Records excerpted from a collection

━━━━━━

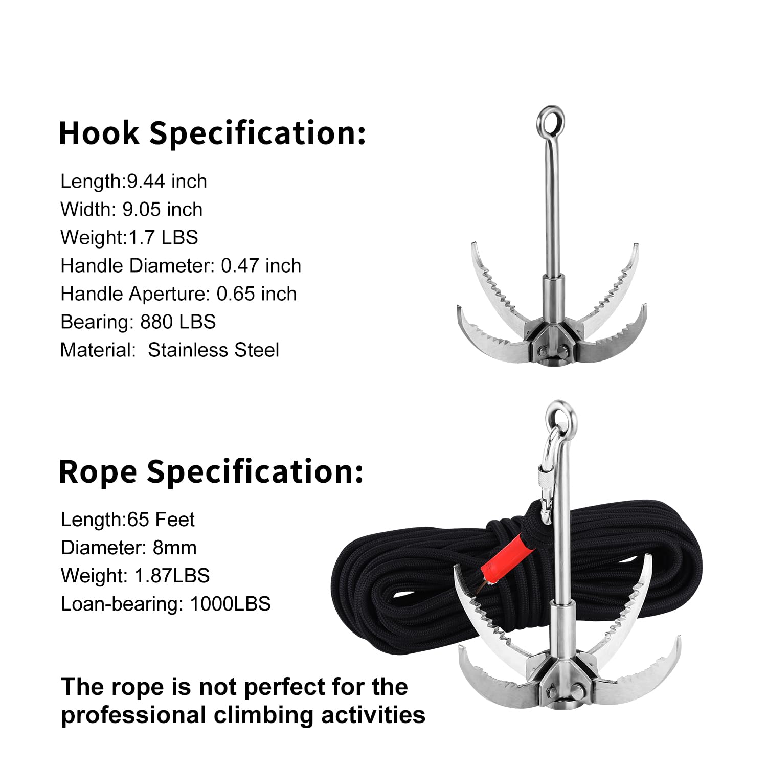 Ant Mag Grappling Hook Stainless Steel Claw Carabiner with 20m/65ft 8mm Auxiliary Black Rope for Camping Hiking Tree Grabbing and Water Lifting Salvage
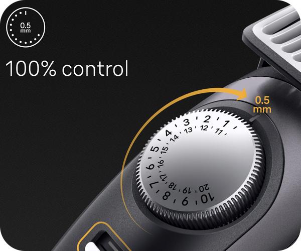 Με 40 ρυθμίσεις μήκους κοπής από 0,5mm έως 20mm, αυτή η κουρευτική μηχανή σου παρέχει την δυνατότητα να προσαρμόσεις το μήκος των τριχών σύμφωνα με τις ανάγκες σου. Σε συνδυασμό με το σύστημα ProLock για ασφαλή επιλογή χωρίς λάθη, με την κουρευτική μηχανή της Braun έχεις τον πλήρη έλεγχο στο styling σου.
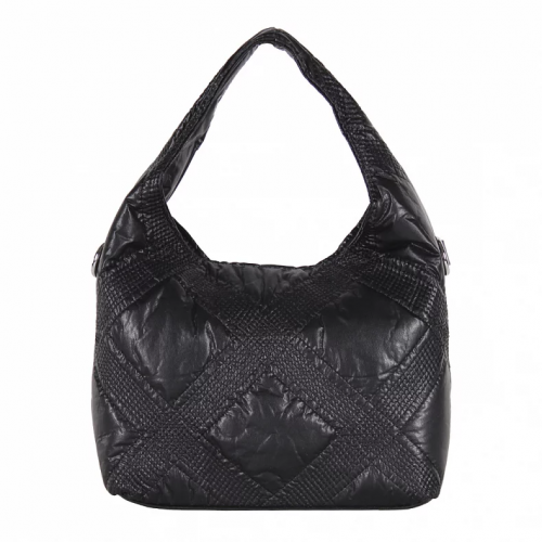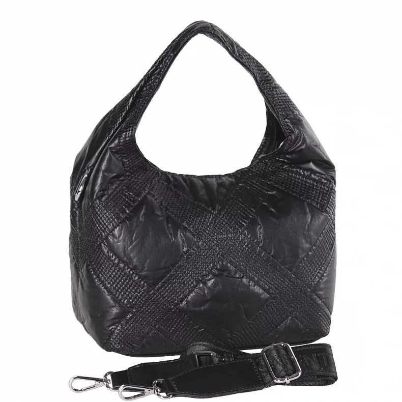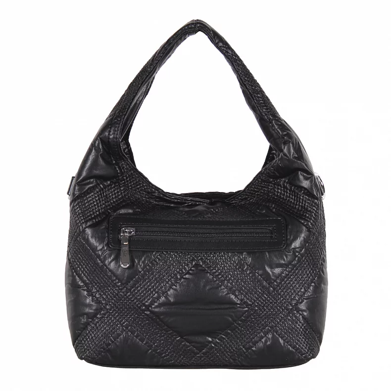 Модель со стежкой, выполнена из экокожи. Дополнена серебристой фурнитурой. Данная модель закрывается на молнию, носится на плече или в руке. В комплекте имеется ремень-стропа с регулировкой длины и встроенная ручка. Каркас мягкий.
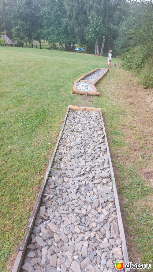 Пройти надо по разным поверхностям: шишки, камешки, галька, песок, мох, еловые иголки, битые стекла
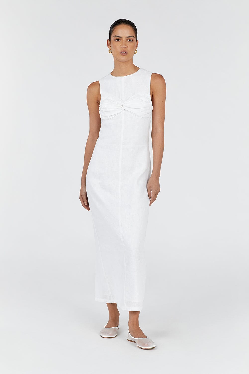 BERTIE WHITE LINEN MIDI DRESS

━━━━━━

**Aim of the exercise:** Return every entry above exactly as written, with no pictures included.

**Final answer:**
 Ant Mag Grappling Hook Stainless Steel Claw Carabiner with 20m/65ft 8mm Auxiliary Black Rope for Camping Hiking Tree Grabbing and Water Lifting Salvage
 Με 40 ρυθμίσεις μήκους κοπής από 0,5mm έως 20mm, αυτή η κουρευτική μηχανή σου παρέχει την δυνατότητα να προσαρμόσεις το μήκος των τριχών σύμφωνα με τις ανάγκες σου. Σε συνδυασμό με το σύστημα ProLock για ασφαλή επιλογή χωρίς λάθη, με την κουρευτική μηχανή της Braun έχεις τον πλήρη έλεγχο στο styling σου.
 Модель со стежкой, выполнена из экокожи. Дополнена серебристой фурнитурой. Данная модель закрывается на молнию, носится на плече или в руке. В комплекте имеется ремень-стропа с регулировкой длины и встроенная ручка. Каркас мягкий.
 Пройти надо по разным поверхностям: шишки, камешки, галька, песок, мох, еловые иголки, битые стекла
 BERTIE WHITE LINEN MIDI DRESS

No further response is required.